Run velveth over the kmer you picked (21 in this example)::

    velveth out_21 21 -fastq -shortPaired pair.fastq

Check what directories have been created::

    ls

velvetg
=======
To get the actual contigs you will have to run ``velvetg`` on the created
graph. You can vary options such expected coverage and the coverage cut-off if
you want, but we do not do that in this tutorial. We only choose not to do
scaffolding::

    velvetg out_21 -scaffolding no


assemstats
==========
After the assembly one wants to look at the length distributions of the
resulting assemblies. You can use the ``assemstats`` script for that::

    assemstats 100 out_*/contigs.fa

Try to find-out what each of the stats represent by varying the cut-off. One of
the most often used statistics in assembly length distribution comparisons is
the *N50 length*, a weighted median, where you weight each contig by it's
length. This way you assign more weight to larger contigs. Fifty procent of all
the bases in the assembly are contained in contigs shorter or equal to N50
length.

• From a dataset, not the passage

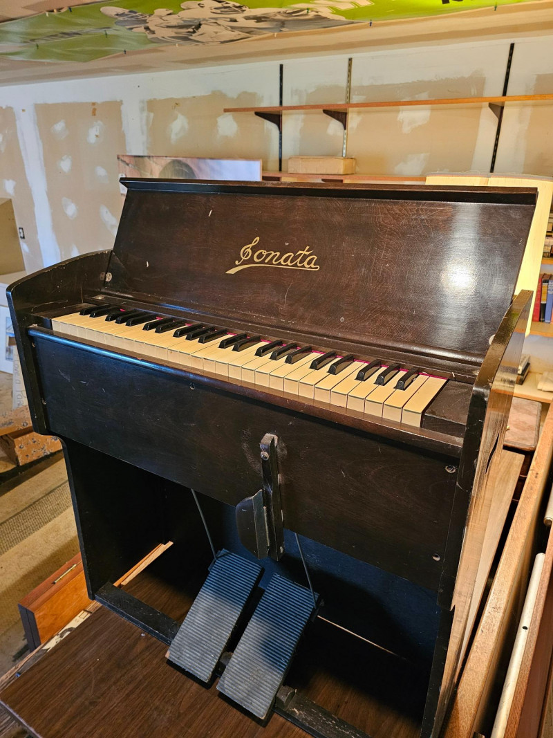 Sonata Portable Pump Organ Sonata portable pump organ, also known as a reed organ or harmonium. These instruments produce sound by using foot pedals to pump air over free reeds Very lightweight and portable Tested - Works! 32"T x 31.5"W x 13.5"D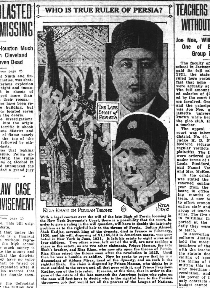 What turned a routine inheritance case into something far more significant was the political question it raised. Reza Khan, who had taken the throne in 1925, was drawn into the proceedings. According to The Oregon Statesman, the court had suggested it might first have to decide “who the true heir to the throne was,” perhaps to determine which government’s laws should apply, in order to rule on the will itself.

Once you have gotten an idea of what it all the stats mean, it is time
to compare your results with the other attendees of this workshop. Generate the results and copy them to the doc_::

    assemstats 100 out_*/contigs.fa

Do the same for the cut-off at 1000 and add it to the doc_. Compare your kmer
against the others. If there are very little available yet, this would be an
ideal time to help out some other attendees or do the same exercise for a kmer
that has not been picked by somebody else yet. Please write down you and your
partners name again at the doc_ in that case.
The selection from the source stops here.